If this sounds like a lot, it is! About 10 years worth squeezed into one visit! Since your most annoying symptom is shortness of breath, think through some of the following questions that the physician might ask. If you have answers, it will help a great deal in coming to the correct diagnosis and getting the help that you need.

  • How far can you walk on a usual day before getting short of breath?
  • When did you first notice the shortness of breath (SOB)?
  • What were you doing at the time?
  • How often does it occur?
  • What are you doing when you notice it?
  • On a scale of 1 to 10, 10 being the worst, how would you rate it?
  • Has it gotten worse lately? If so, give an example such as, “I used to be able to walk 4 blocks with out difficulty. The past 2 weeks I get short of breath walking across the room.”
  • Does it wake you up at night? At what time?
  • How many pillows do you need to sleep?
  • Have you noticed irregular heartbeats, a fluttering feeling in your chest, or rapid heartbeats?
  • Have you gained, or lost, much weight recently, and if so, how much?
  • Do your feet swell? If so, when and how much? Are they swollen all of the time or only after you have been standing?
  • Do you have any pain associated with your SOB? Where is the pain?
  • How much salt do you have in your diet? Have you noticed that it affects the swelling of your feet?
  • Do you ever hear yourself wheezing?
  • Do you cough? How often and when, e.g. only at night?
  • Is your cough productive of sputum? If so, how much sputum do you bring up, a teaspoon, tablespoon or cup every day? How thick or thin is it?
  • What color is it? White, creamy, yellow, streaked with yellow, green or blood tinged?
  • Has there been a recent increase in sputum or recent change in the color?
  • Have you coughed up any blood, vomited blood, noticed blood in your stool, or had any black tarry stools?
  • Have you had any recent weight changes or feeling of weakness?
  • Have you been under excessive stress lately?

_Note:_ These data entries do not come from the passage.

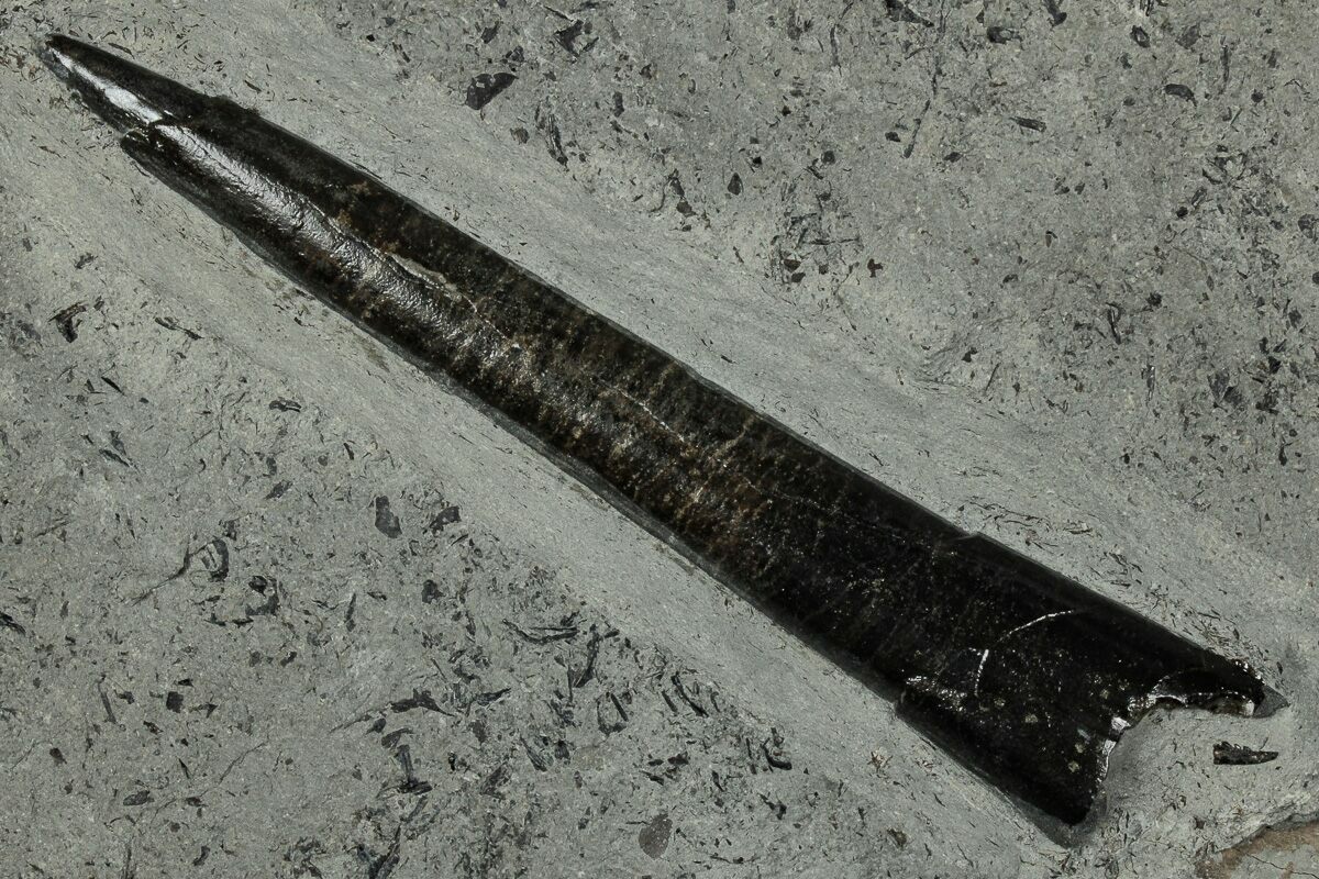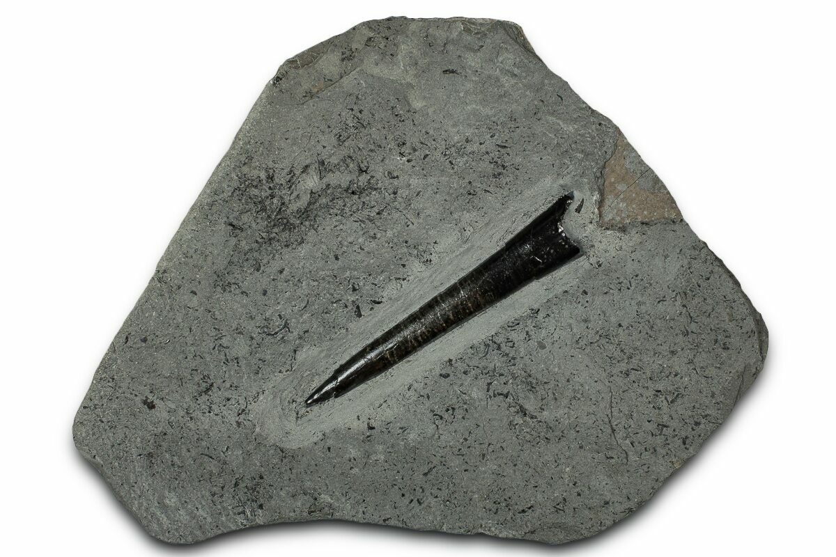 This is a 3.8" long fossil belemnite (Acrocoelites sp.) rostrum from the Jurassic-aged Posidonia Shale of Holzmaden, Germany. The belemnite fossil has been exposed from the rock it was found in.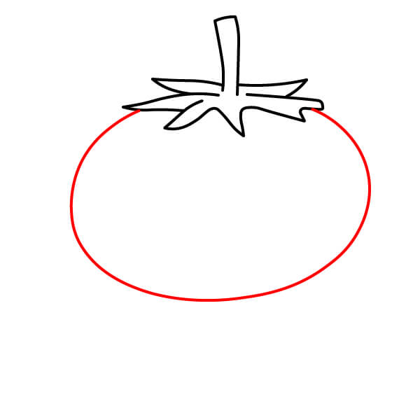 Dibuja el cuerpo redondeado del tomate.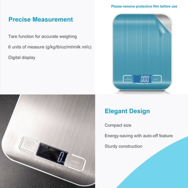 SUUNNITTELU: Tämä tarkka keittiövaaka on suunniteltu kevyeksi ja kompaktiksi, joten se on erittäin helppo säilyttää. Muotoilu on yksinkertainen ja moderni ja sopii jokaiseen keittiöön ja jokaiseen makuun!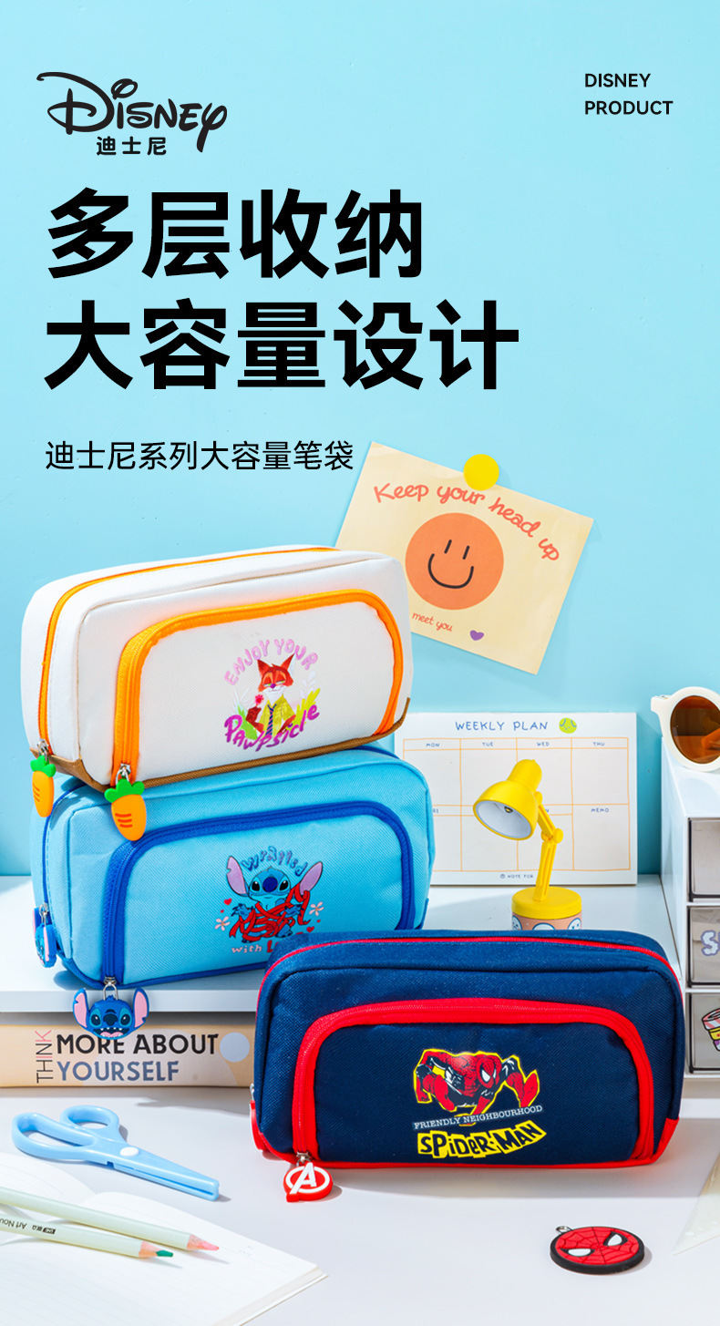 文具收纳袋小学生双层大容量蜘蛛侠笔袋儿童手提文具袋批发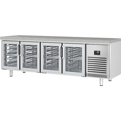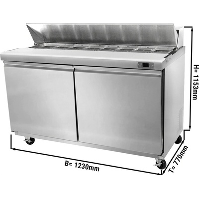 Mrazicí stůl čtyřdvéřový SM 3D DH bez zadního lemu, jeho teplotní rozsah je od -18 °C do -24 °C, 4 samozavírací křídlové plné dveře, digitální ovládání. Rozměry police 1/1 GN,...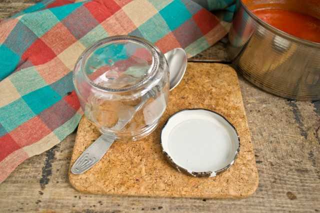 Банки, крышки и ложку (черпак) моем, обливаем крутым кипятком. Затем сушим банки в жарочном шкафу. Посуда для заготовок на зиму должна быть стерильной.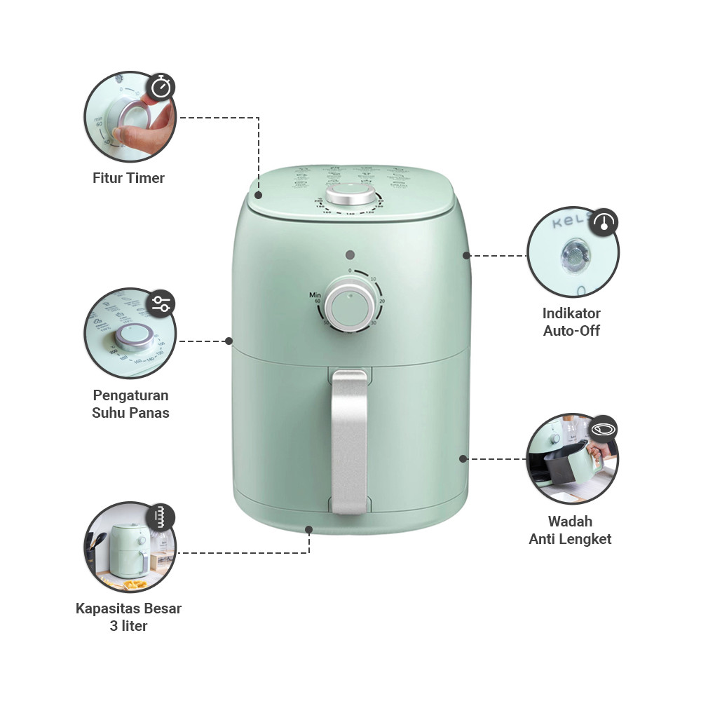Informa Kels 3 ltr Landen Air Fryer - Hijau Alat Goreng Pembuat Makanan Elektronik Dapur Sehat Oven Udara Penggorengan U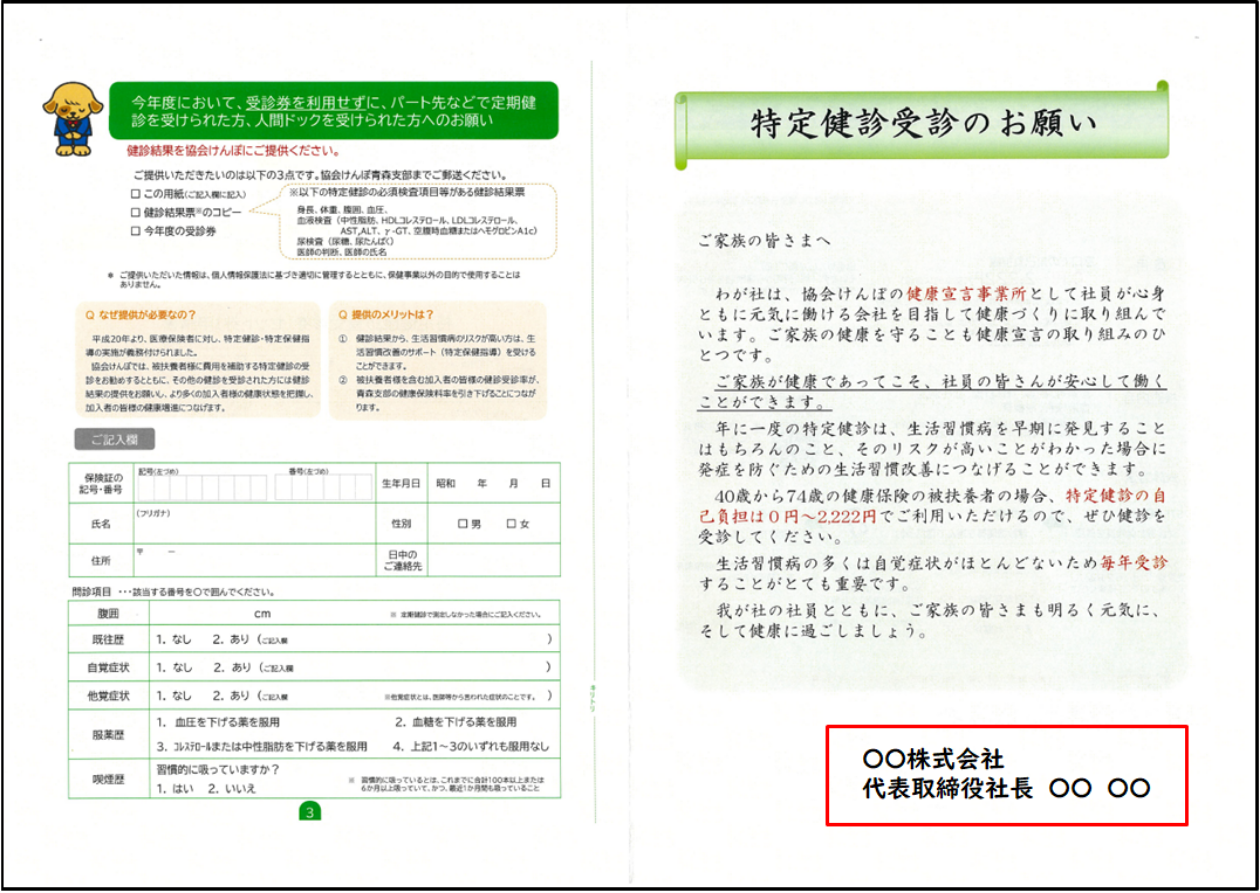 従業員の皆様を通じて配布いただくなど、特定健診の受診勧奨をお願いします。(当リーフレットは、事業所様の代表者名等を印字または押印してご利用いただくことを想定しております。掲載しております画像を参考にご利用ください。)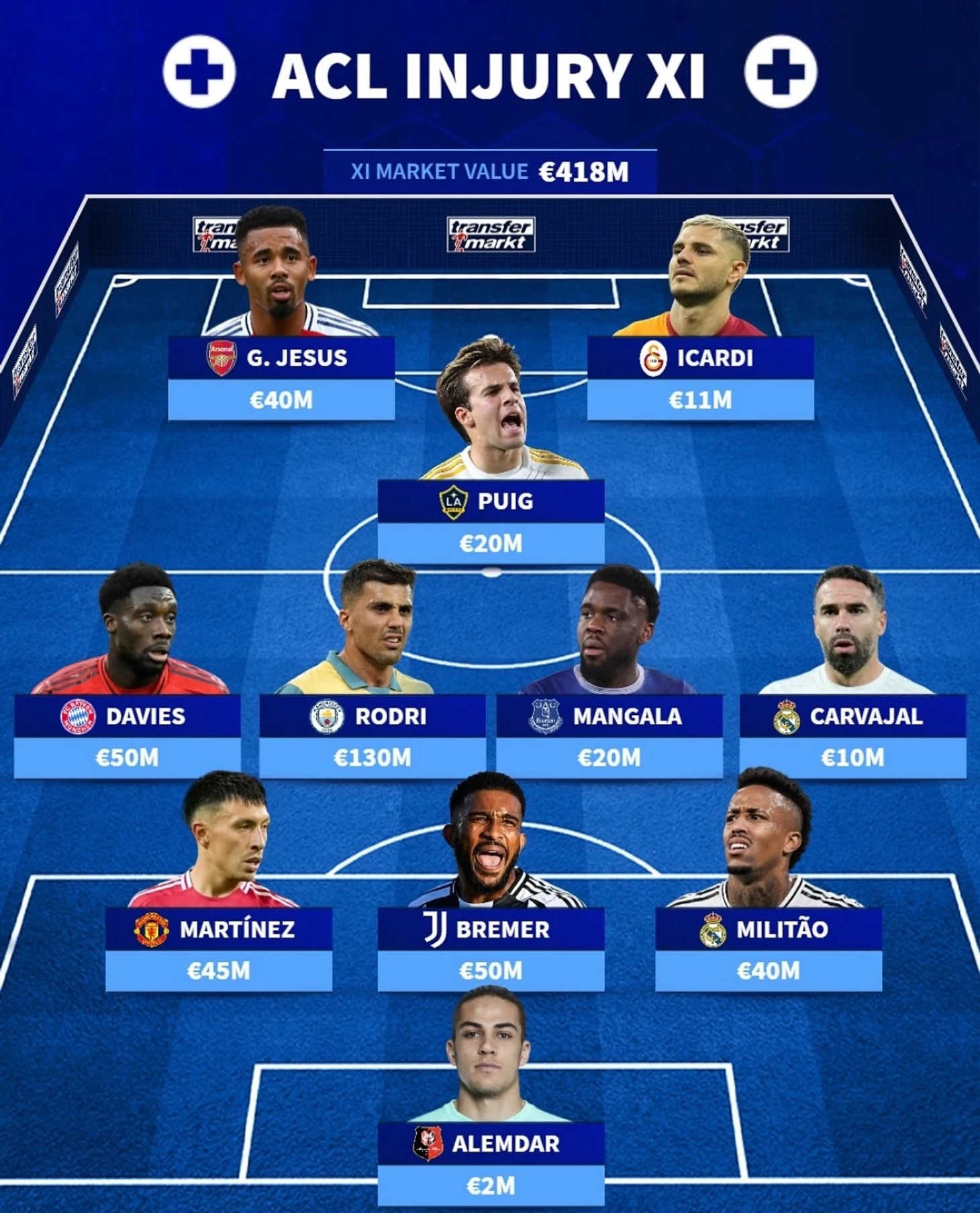 🤕 Из игроков с травмой «крестов» в этом сезоне можно собрать команду. Общая стоимость состава – 418 млн евро
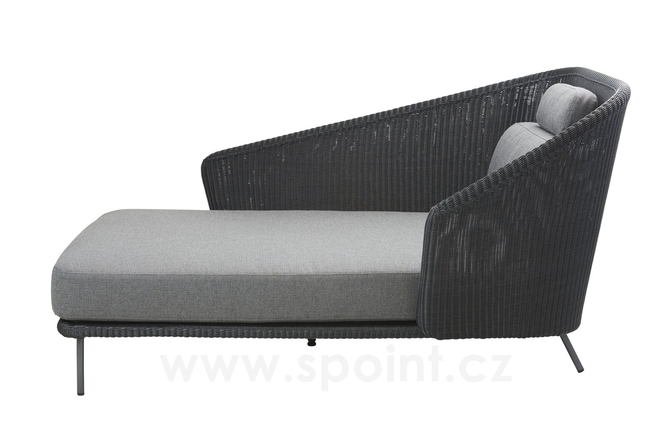 Denní postel/relaxační díl pravostranný Mega, Cane-line, 128x180x91 cm, rám kov, výplet umělý ratan barva graphite, sedáky venkovní látka SoftTouch grey

Will the doctor ask you all of the above questions? No, but he will be considering them, and so should you. Are you overwhelmed by all of these questions that run through the mind of your doctor? Be pleased, instead, that all possible causes of your SOB are being considered. Think about the questions above before going in for your appointment. Don’t be afraid to admit that you have a problem. That is the only way you are going to be able to take care of it! Give the significant answers to your physician or be prepared for some of these questions.

Write down answers, or questions, that you are afraid you might forget. Bring someone with you if you are nervous about going alone or forgetting what is said. Request a copy of all of your tests.

Congratulations on following through with your appointment, good luck, and most important, bring a book! It can be a long wait in that office!